Mailing buildings through the U.S. Postal Service was effectively banned in 1916 after a Utah businessman mailed 37.5 tons of bricks to construct the Bank of Vernal, exploiting parcel post rates that were cheaper than freight shipping.
The Bank That Was Literally Mailed Brick by Brick
In 1916, the remote town of Vernal, Utah had a problem. They wanted a proper, fireproof bank building made of pressed brick—but the nearest brick supplier was in Salt Lake City, and there was no railroad to Vernal.
Freight wagons would charge four times the cost of the bricks themselves. The dream of a modern bank seemed dead.
Then entrepreneur W.H. Coltharp had a brilliantly devious idea.
The Parcel Post Loophole
Congress had just created a new parcel post service in 1913, allowing Americans to mail packages up to 50 pounds for reasonable rates.
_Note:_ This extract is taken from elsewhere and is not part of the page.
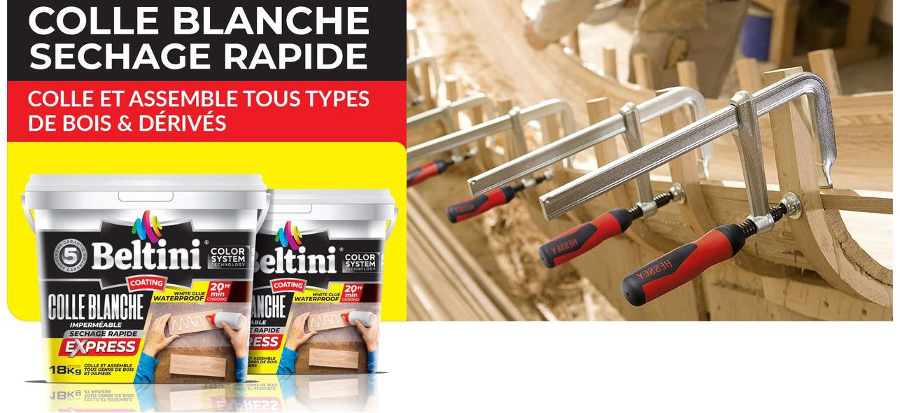 DESTINATIONS: Elle est utilisable pour réparer ou aménager tous vos supports en bois (toutes d’essences de bois). Son utilisation est recommandée en menuiserie intérieure et particulièrement en milieux difficiles (salle de bain, intérieur des bateaux, cave…) ou en extérieur abrité. AVANTAGES: Haute résistance à l’humidité (classée D3 selon la norme NF EN 204-205) • Prise: 20 min. Résistant thermique jusqu’à +70°C. Translucide après séchage. Ininflammable. MISE EN OEUVRE : colle blanche beltini est prête à l’emploi. Les surfaces à coller doivent être propres, planes, sèches et dépoussiérées. Appliquer une fine couche de colle sur l’une des parties à assembler. Pour une surface importante, un encollage à double face est recommandé.

Coltharp discovered that Vernal sat within the second postal zone from Salt Lake City—making shipping costs less than half what the freight companies demanded.
His solution? Mail the entire bank.
Well, the exterior bricks anyway. Each brick was individually wrapped in paper, then packed ten to a crate to stay under the 50-pound limit. Over the following months, 1,500 crates containing roughly 15,000 bricks began their 427-mile journey to Vernal.
"Some S.O.B. Is Trying to Ship a Whole Building"
The bricks traveled by railroad to Colorado, transferred to narrow-gauge rail, then loaded onto freight wagons for the final 65 miles to Vernal. The town's postmaster watched in horror as two tons of mail arrived daily.
Bricks piled up outside the post office. Bricks surrounded the building. Bricks everywhere. The overwhelmed postmaster sent a now-legendary telegram to Washington, reportedly complaining that someone was "trying to ship a whole building through the U.S. mail"—though the actual wording was considerably more colorful.
The Postal Service Fights Back
Postal authorities were not amused. They quickly issued a new regulation:
- No more than 200 pounds per day from one sender to one recipient
- Any shipment exceeding this would be considered "large or unusual"
- As Postmaster General Albert Burleson put it: "It is not the intent of the United States Postal Service that buildings be shipped through the mail"
But Coltharp wasn't finished. When the new rules threatened to slow his project, he recruited local farmers, ranchers, and townspeople to serve as recipients for the bricks. The Post Office couldn't stop mail addressed to different people.
Victory by Loophole
By the time the regulations took full effect in November 1916, every single brick had already arrived. The Bank of Vernal opened in February 1917, its gleaming pressed-brick exterior a monument to creative problem-solving.
The building still stands today at 3 West Main Street in Vernal. A bronze plaque installed in 1958 commemorates its unusual origin, officially dubbing it the "Parcel Post Bank."
The total cost of mailing 37.5 tons of bricks? About half what freight would have charged—though the postal workers who processed it all might argue the true price was much higher.